Difficile non leggere un intento moraleggiante (specie in periodo di mutui impazziti e bolle finanziarie), nonostante l’attenzione sia tutta rivolta all’elemento formale e narrativo. L’interpretazione del testo sacro -già stravolto nell’opera miltoniana- è associata a una pittura “da strada”, che dà vita a scenari apocalittici alternati a paesaggi estremamente sereni. Nell’esplosione di colori è possibile cogliere forme ben delineate -una sfera, uno specchio d’acqua- che fungono da appigli sicuri nel manifestarsi impetuoso delle forze naturali. La caduta di Lucifero e la cacciata dall’Eden non sono però gli unici riferimenti religiosi: nella seconda sala, piccoli quadrati colorati tratteggiano le linee del volto di Cristo, riconoscibile solo da lontano. Lo stesso vale per le mani taumaturghe che compaiono in un altro dipinto, delineate dalle immancabili colonnine finanziarie ma attraversate da ombre suggestive.

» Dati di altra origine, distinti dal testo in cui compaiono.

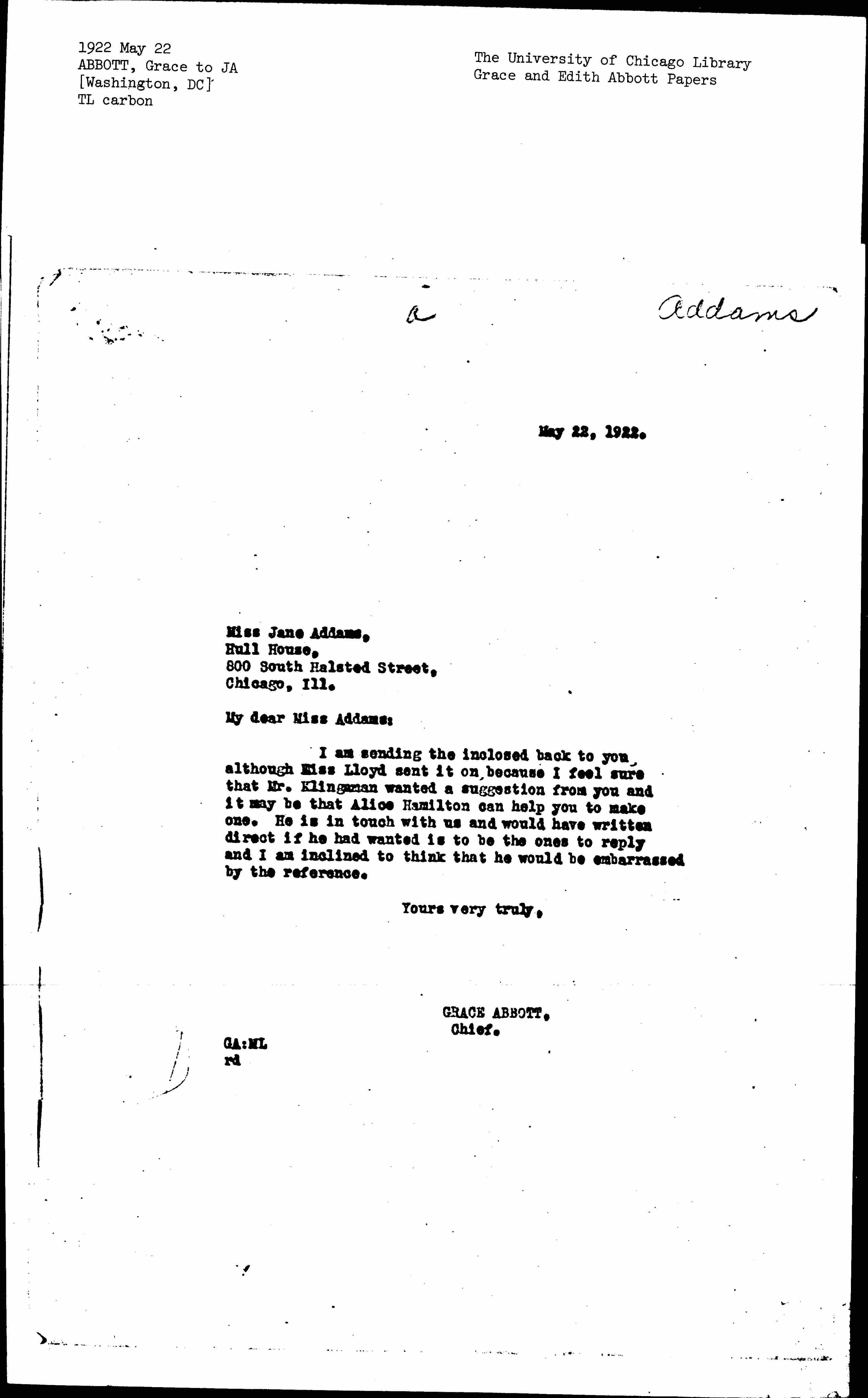 I am sending the [enclosed] back to you, although Miss Lloyd sent it on because I feel sure that Mr. Klingaman wanted a suggestion from you and it may be that Alice Hamilton can help you to make one. He is in touch with us and would have written direct if he had wanted us to be the ones to reply and I am inclined to think that he would be embarrassed by the reference.

Dalla divinità personificata a quella panteistica, l’ultima sala vede la dominazione degli elementi naturali, con il Sole a fare da protagonista. Sul fondale nero pece si aprono nitidi squarci. L’elemento coloristico, sapientemente giostrato, dona alle opere un dinamismo interno, fatto di pulsazioni e contrazioni. La narrazione sembra tornare ancor più indietro nel tempo e la vita sembra prendere forma grazie agli agenti atmosferici, non per mano di un dio creatore. Le due facce dell’intervento divino s’incontrano e si scontrano, assumendo sfumature differenti. Su tutto aleggia il senso d’impotenza in cui è relegata la presenza umana. Piccola, in ombra, spesso inesistente. Destinata a ridurre in numeri l’occasione offertale dal libero arbitrio.